[Dataset excerpts]
BEGIN
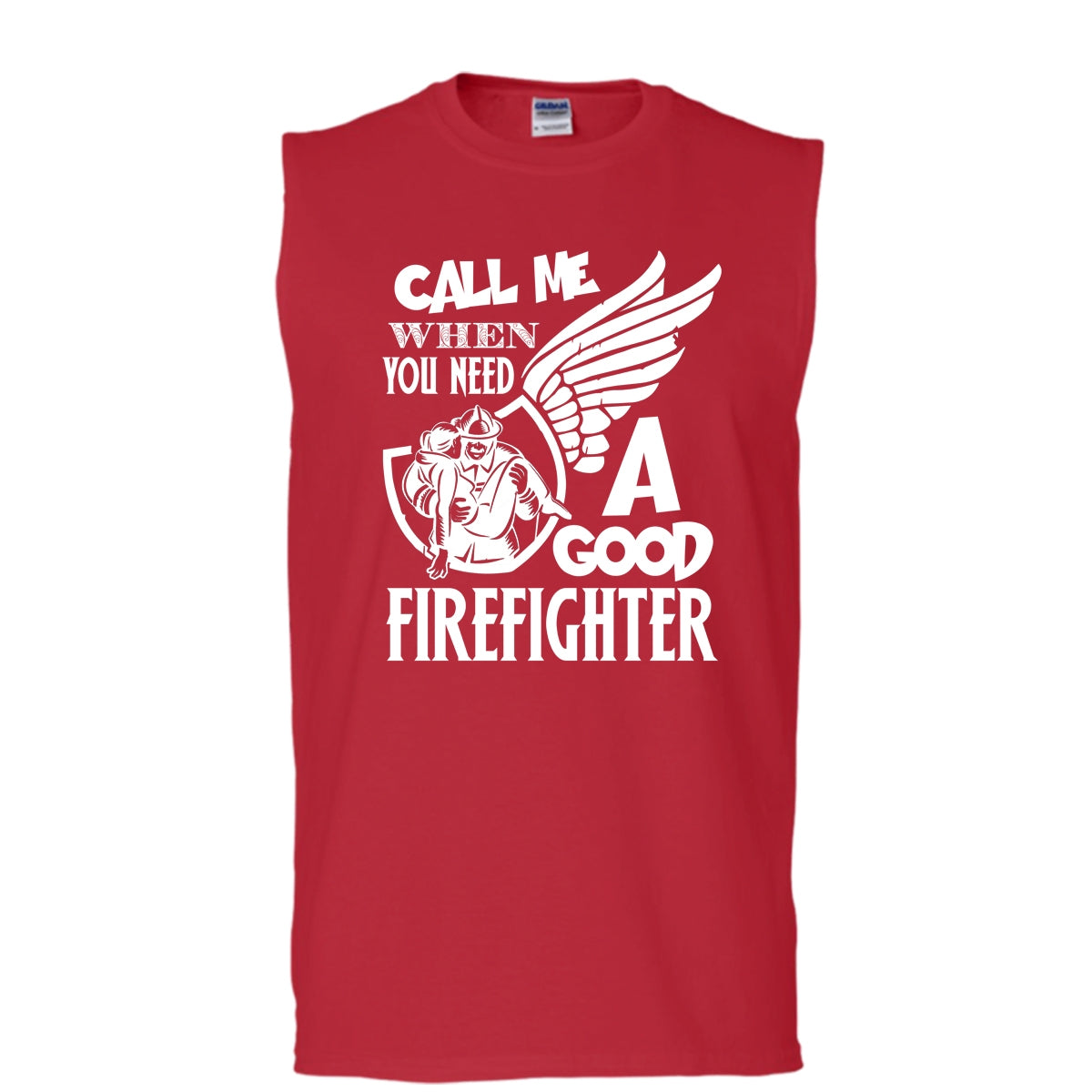 Call Me When You Need T Shirt, A Good Firefighter Tank Top (Men's Cotton Sleeveless)
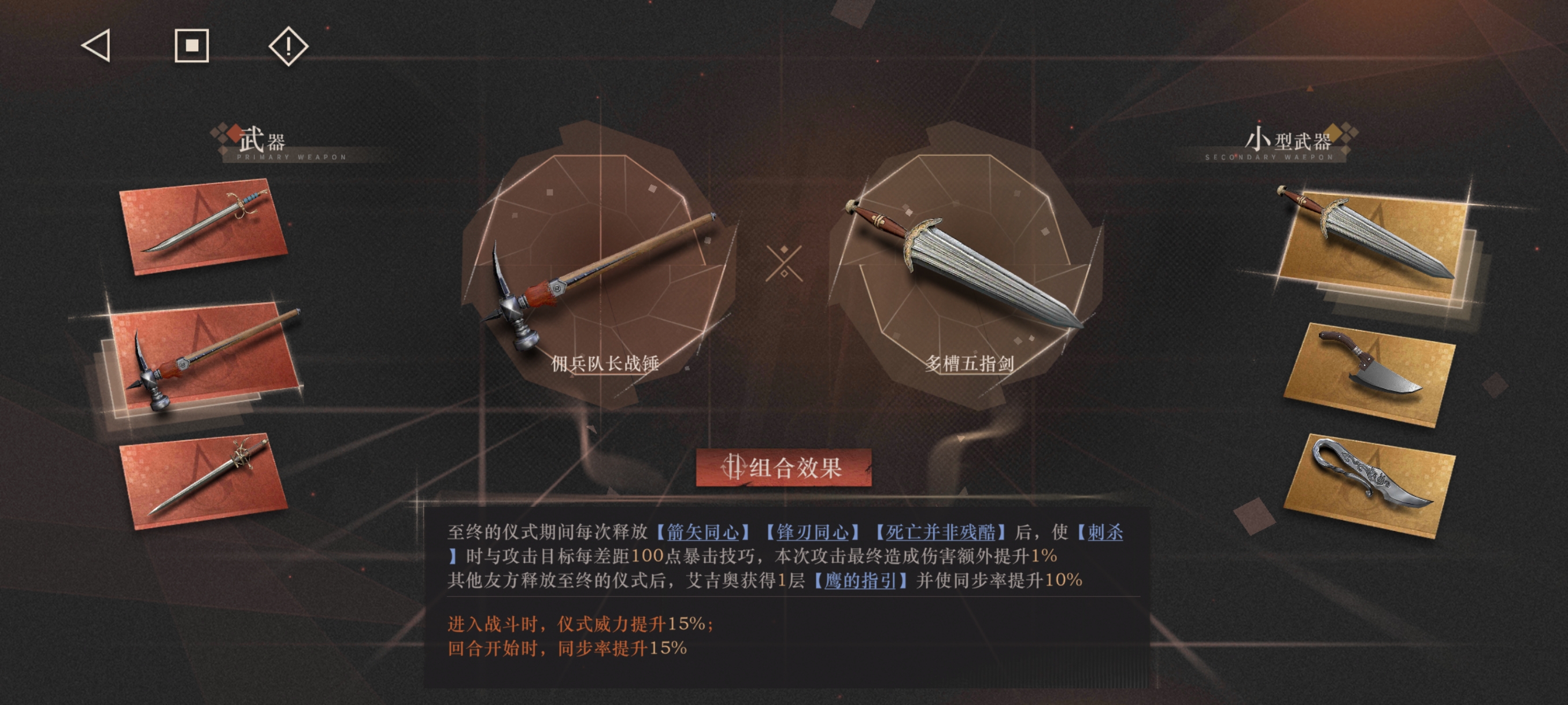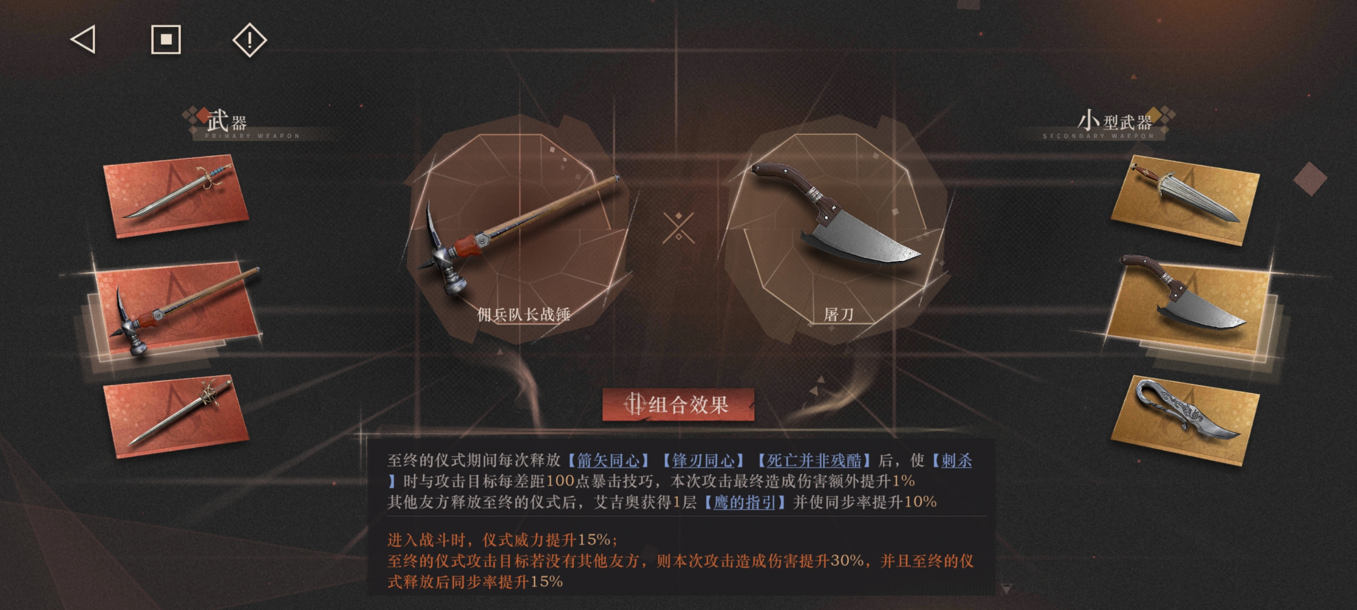 ② 仪式流(佣兵队长战锤+多槽五指剑):加速大招循环,侧重爆发;
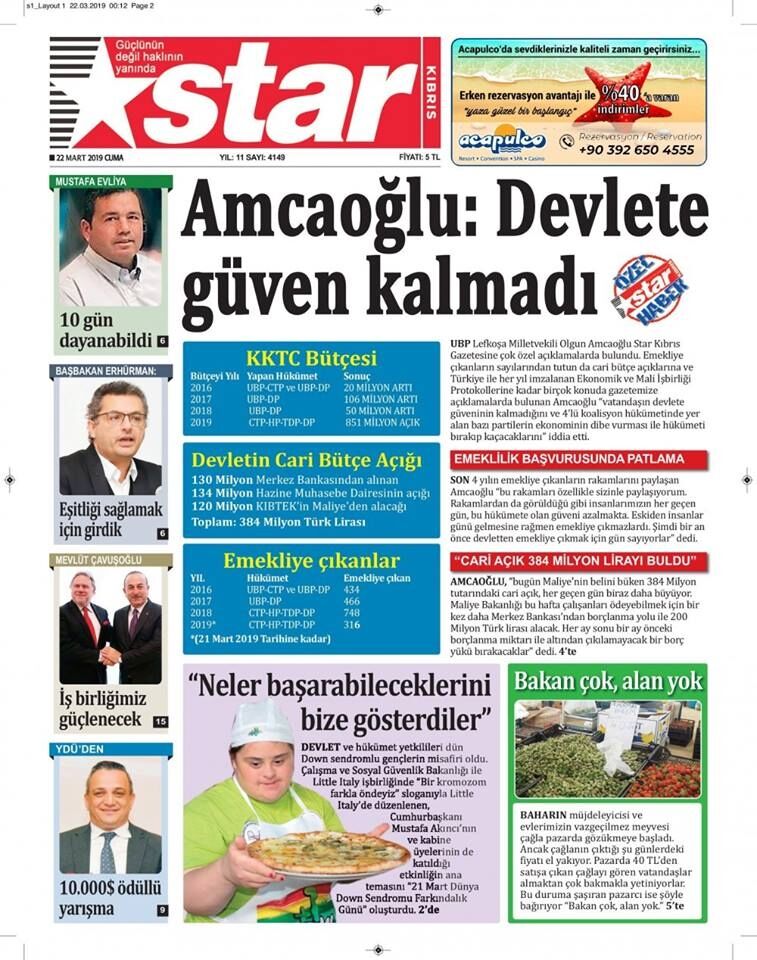 22 Mart 2019 Cuma Gazete Manşetleri
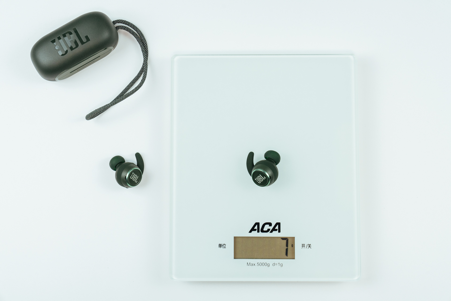 通过称重,可以看见JBL REFLECT MINI NC太空舱的充电仓盒和耳机的分别重量都是非常轻的,携带上不会有很大的负重感。耳机约6g的重量,佩戴起来也能减轻耳朵疲劳度。很多小伙伴在选择耳机的时候不要只关心性能参数这些,也要关注佩戴舒适度,因为轻量化的设计,可以让在运动中佩戴,都会感觉到耳朵的减负,不要让随身物品加重运动时的轻便需求。
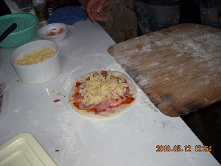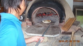 ピザの生地を延ばし、トッピングして焼きましたが、今日は窯の温度が今一上がらず、焼き上がるのにやけに時間がかかってしまいました。いつもなら、窯に入れてから1分少々でやけるのですが・・・・。
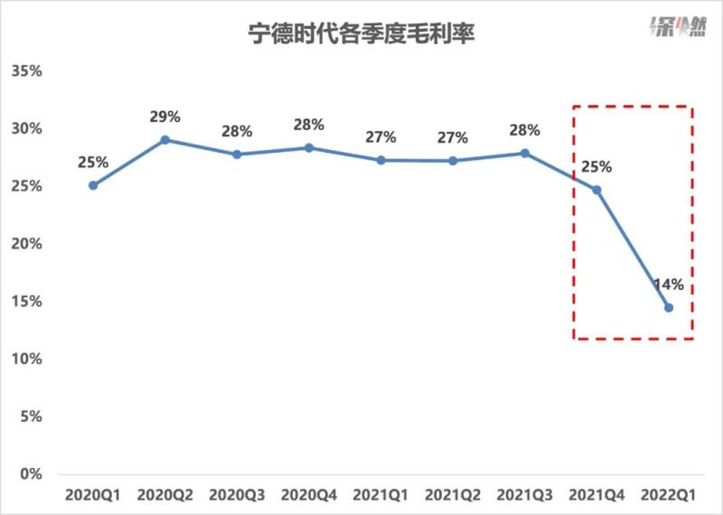 這也非常直觀地體現(xiàn)在了毛利率的變化中。在寧德時(shí)代的成本構(gòu)成中,直接材料的占比超過(guò) 75%。過(guò)去兩年來(lái),寧德時(shí)代每個(gè)季度的毛利率,都維持在25%以上,但是今年一季度,直接降到了14%。
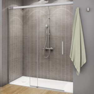 - Mampara de ducha fija reversible: se puede montar con el fijo a la derecha o a la izquierda.
END
### Problem description:
Leave the images behind and write out every entry exactly.

### Answer space:
 Call Me When You Need T Shirt, A Good Firefighter Tank Top (Men's Cotton Sleeveless)
 ② 仪式流(佣兵队长战锤+多槽五指剑):加速大招循环,侧重爆发;
 22 Mart 2019 Cuma Gazete Manşetleri
 通过称重,可以看见JBL REFLECT MINI NC太空舱的充电仓盒和耳机的分别重量都是非常轻的,携带上不会有很大的负重感。耳机约6g的重量,佩戴起来也能减轻耳朵疲劳度。很多小伙伴在选择耳机的时候不要只关心性能参数这些,也要关注佩戴舒适度,因为轻量化的设计,可以让在运动中佩戴,都会感觉到耳朵的减负,不要让随身物品加重运动时的轻便需求。
 ピザの生地を延ばし、トッピングして焼きましたが、今日は窯の温度が今一上がらず、焼き上がるのにやけに時間がかかってしまいました。いつもなら、窯に入れてから1分少々でやけるのですが・・・・。
 這也非常直觀地體現(xiàn)在了毛利率的變化中。在寧德時(shí)代的成本構(gòu)成中,直接材料的占比超過(guò) 75%。過(guò)去兩年來(lái),寧德時(shí)代每個(gè)季度的毛利率,都維持在25%以上,但是今年一季度,直接降到了14%。
 - Mampara de ducha fija reversible: se puede montar con el fijo a la derecha o a la izquierda.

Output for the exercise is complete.